Antibiotics Make Superbug MRSA Stronger Resulting To Worse Infection, Study Says

According to a new study, Antibiotics may make the "Superbug" MRSA stronger which can eventually lead to a worse infection.

In a new research published in the Host & Microbe Journal Cell, scientists found out that the MRSA bacteria actually adapts to a beta-lactam antibiotics making the bacteria stronger as the process goes.

The study was conducted by studying the behavior of mice. According to the researchers, those mice that were infected with methicillin-resistant Staphylococcus aureus were not actually medicated by the use of beta-lactam antibiotics. Instead, the mice got sicker as researchers treated them with the said drug.

Specifically, one enzyme of MRSA called PBP2A was found immune even though the said infection was exposed to antibiotics.

This means that the very common antibiotics used to treat the said infection is immune to the said medicine and thus making the MRSA infection more powerful.

Dr. George Liu explained the result of the study.

"Our findings underscore the urgent need to improve awareness of MRSA and rapidly diagnose these infections to avoid prescribing antibiotics that could put patients' lives at risk," stated by the co-author of the study, which is also a researcher at Cedars-Sinai Medical Center in Los Angeles.

Through the decades, MRSA has become one of the most difficult to medicate microbes. According to the statistics of Centers for Disease Control and Prevention (CDC), there are 80,000 total infections and 11,000 deaths per year which were caused by the MRSA.

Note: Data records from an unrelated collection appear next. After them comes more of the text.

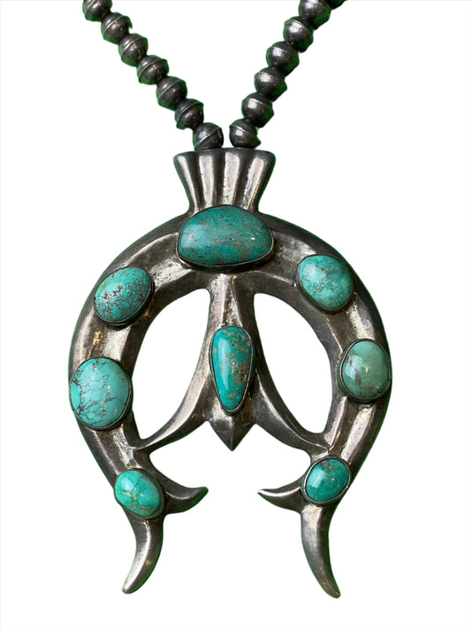 Vintage Sterling/Turquoise Naja Navajo Bench Bead Necklace
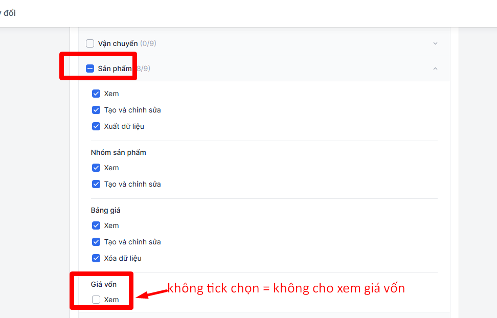 Phân quyền để nhân viên bán hàng KHÔNG xem được giá vốn.
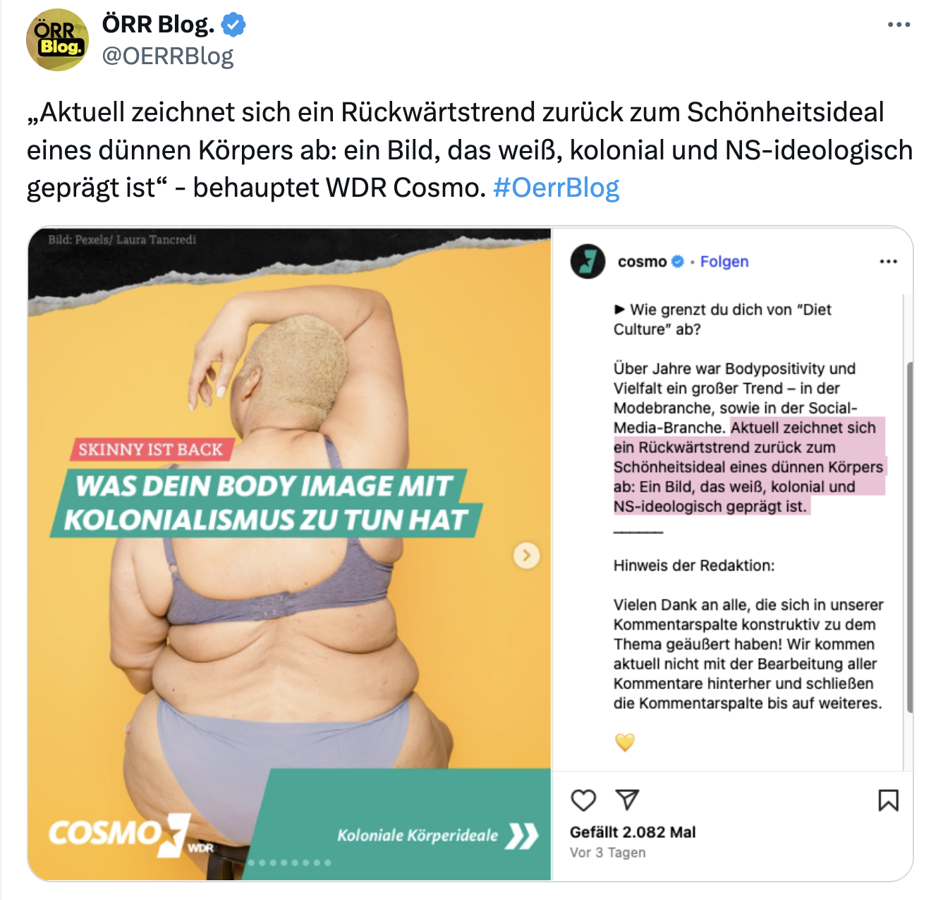 WDR Cosmo informiert sein Publikum über das neue Körperideal, für das dreierlei gelte: „weiß, kolonialistisch und NS-ideologisch“.
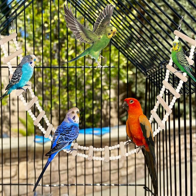 - Natural Wood & Pet-Safe Materials – Crafted from high-quality natural wood and non-toxic beads, this ladder bridge is safe for chewing, climbing, and daily play. A perfect, eco-friendly toy for birds and small animals.
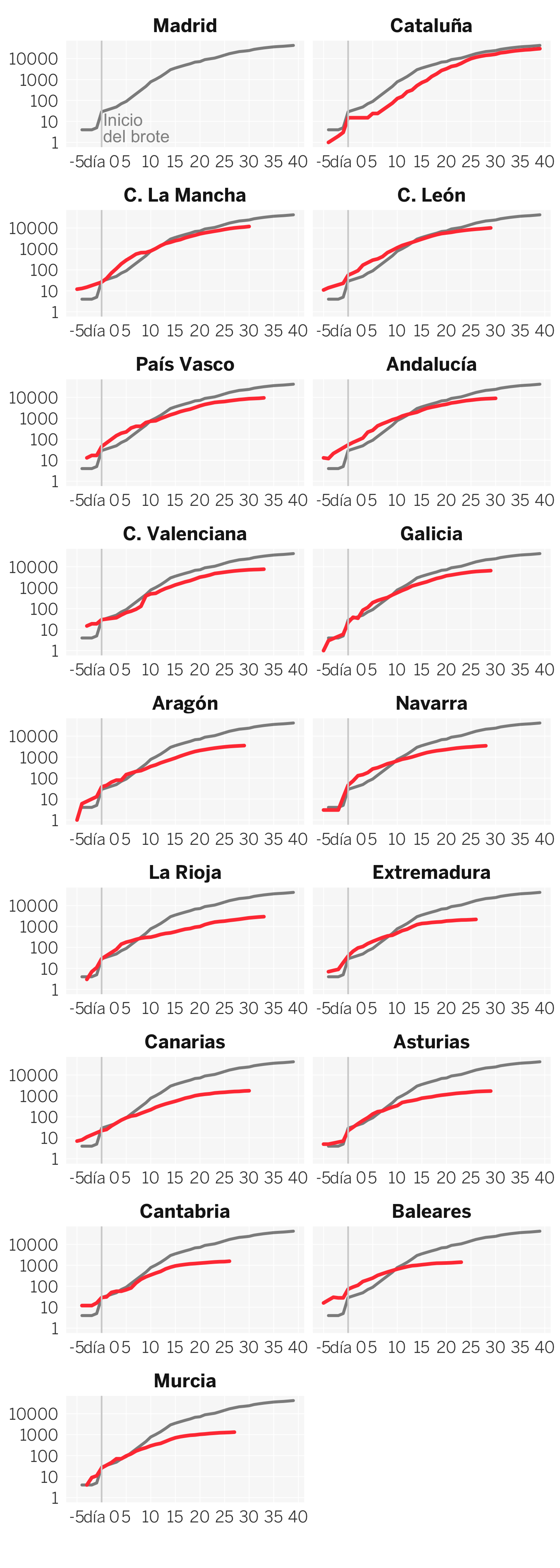 Inicio del brote. Para fijar la fecha del inicio del brote de cada país hemos tomado el primer día que se registraron 20 casos nuevos. Para los brotes de las comunidades hemos tomado el primer día con 10 casos nuevos.

The new study is said to offer tough challenges to scientists as they found out that they are treating MRSA patients with wrong medicines. As what Dr. Liu said, 30 to 80 percent of patients who have moderate or severe MRSA infections were treated with the wrong antibiotics.

Although the study offers consistent results, the researchers said that clinical trials must be done also to humans to ensure the proper treatments needed.